*Available data*.

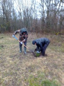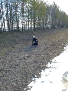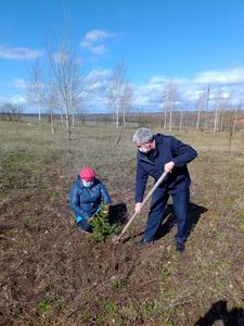 Алдан язылганча Вахитлылар урман утыртмаларын кулдан утырту юлы белән булдыралар, кар астыннан 2019 елда утыртылган нарат үсентеләре күренә.
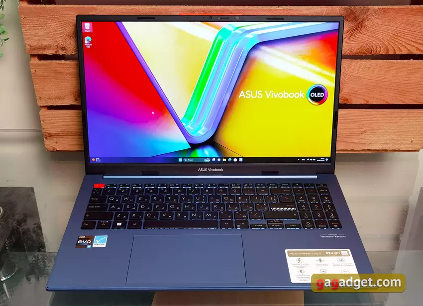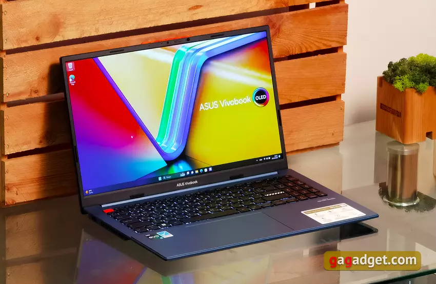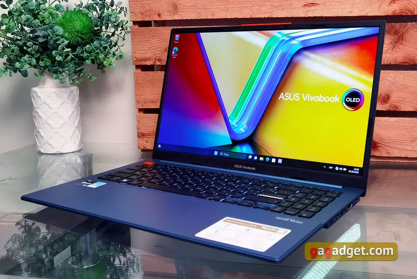 Das ASUS Vivobook S 15 OLED wird von der neuesten 13. Generation der Intel Raptor Lake H-Series Prozessoren angetrieben. In unserer Konfiguration haben wir das Spitzenmodell, den Intel Core i9-13900H. Er wird mit dem Intel 7-Prozess hergestellt und verfügt über 14 Kerne. 6 produktive Kerne mit einer Taktrate von 2,6 bis 5,4 GHz und 8 energieeffiziente Kerne mit einer Taktrate von 1,9 bis 4,1 GHz. Es werden bis zu 20 Threads unterstützt und der Cache beträgt 24 MB. Der TDP-Wert liegt bei 45 Watt. Integriert ist eine Intel Iris Xe Grafik mit einer Frequenz von bis zu 1,5 GHz. Neben der integrierten Lösung gibt es aber auch eine diskrete Grafikkarte. Nämlich die Intel Arc A350M. Intels Grafikkarten sind noch kaum verbreitet, daher waren wir besonders daran interessiert, die Fähigkeiten der Intel Arc kennen zu lernen. Das Unternehmen behauptet, dass das Basismodell der Linie (die Intel Arc A350M) die doppelte Leistung im Vergleich zu integrierten Lösungen bietet. Die Grafikkarte basiert auf dem 6nm Intel ACM-G11 Grafikprozessor. Er umfasst 96 universelle Kerne, 48 Texturmodule, 6 RT-Kerne und 96 Tensor-Kerne. Der Videospeicher ist 4 GB GDDR6 groß. Die Grundfrequenz beträgt 1150 MHz, im Boost-Modus bis zu 2200 MHz. Natürlich handelt es sich hierbei nicht um eine Gaming-Grafikkarte, die mit aktuellen NVIDIA-Lösungen konkurrieren kann, aber ihre Leistung reicht aus, um auch die anspruchsvollsten modernen Spiele zu spielen. Der Arbeitsspeicher beträgt 16 GB LPDDR5-4800, der im Dual-Channel-Modus arbeitet. Es gibt kein Upgrade sowie Versionen mit 32 GB RAM. Drahtlose Schnittstellen: Bluetooth 5.2 und schnelles Wi-Fi 6E (802.11ax) (Dualband) 2x2.
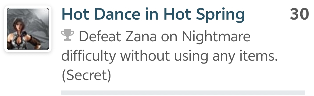 在噩夢難度下擊敗扎娜,且不使用任何道具。
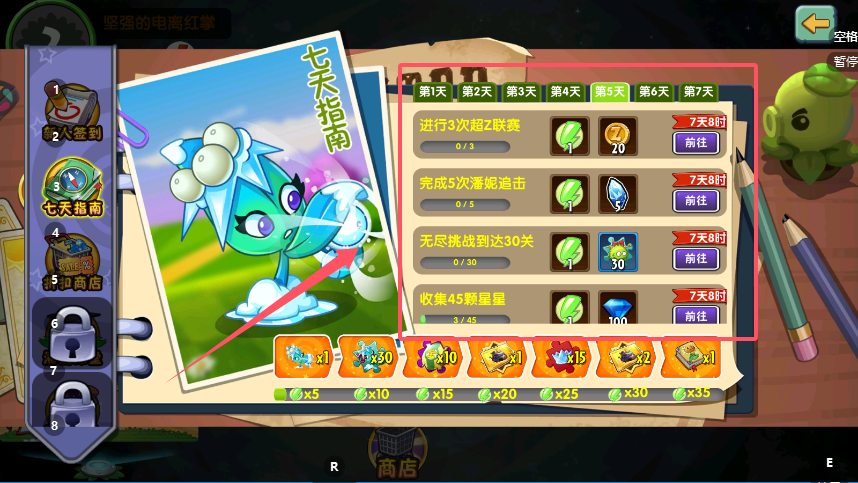 3、“七日签到”机制实现零成本资源获取,仅需每日登录便能领取寒冰射手碎片,集齐后合成的控场植物在游戏前期表现卓越,是提升阵容强度的最佳免费途径。

*About this task*.
Images are not wanted in the copy. Please print the material above exactly.

*Solution*.
 Алдан язылганча Вахитлылар урман утыртмаларын кулдан утырту юлы белән булдыралар, кар астыннан 2019 елда утыртылган нарат үсентеләре күренә.
 Das ASUS Vivobook S 15 OLED wird von der neuesten 13. Generation der Intel Raptor Lake H-Series Prozessoren angetrieben. In unserer Konfiguration haben wir das Spitzenmodell, den Intel Core i9-13900H. Er wird mit dem Intel 7-Prozess hergestellt und verfügt über 14 Kerne. 6 produktive Kerne mit einer Taktrate von 2,6 bis 5,4 GHz und 8 energieeffiziente Kerne mit einer Taktrate von 1,9 bis 4,1 GHz. Es werden bis zu 20 Threads unterstützt und der Cache beträgt 24 MB. Der TDP-Wert liegt bei 45 Watt. Integriert ist eine Intel Iris Xe Grafik mit einer Frequenz von bis zu 1,5 GHz. Neben der integrierten Lösung gibt es aber auch eine diskrete Grafikkarte. Nämlich die Intel Arc A350M. Intels Grafikkarten sind noch kaum verbreitet, daher waren wir besonders daran interessiert, die Fähigkeiten der Intel Arc kennen zu lernen. Das Unternehmen behauptet, dass das Basismodell der Linie (die Intel Arc A350M) die doppelte Leistung im Vergleich zu integrierten Lösungen bietet. Die Grafikkarte basiert auf dem 6nm Intel ACM-G11 Grafikprozessor. Er umfasst 96 universelle Kerne, 48 Texturmodule, 6 RT-Kerne und 96 Tensor-Kerne. Der Videospeicher ist 4 GB GDDR6 groß. Die Grundfrequenz beträgt 1150 MHz, im Boost-Modus bis zu 2200 MHz. Natürlich handelt es sich hierbei nicht um eine Gaming-Grafikkarte, die mit aktuellen NVIDIA-Lösungen konkurrieren kann, aber ihre Leistung reicht aus, um auch die anspruchsvollsten modernen Spiele zu spielen. Der Arbeitsspeicher beträgt 16 GB LPDDR5-4800, der im Dual-Channel-Modus arbeitet. Es gibt kein Upgrade sowie Versionen mit 32 GB RAM. Drahtlose Schnittstellen: Bluetooth 5.2 und schnelles Wi-Fi 6E (802.11ax) (Dualband) 2x2.
 在噩夢難度下擊敗扎娜,且不使用任何道具。
 3、“七日签到”机制实现零成本资源获取,仅需每日登录便能领取寒冰射手碎片,集齐后合成的控场植物在游戏前期表现卓越,是提升阵容强度的最佳免费途径。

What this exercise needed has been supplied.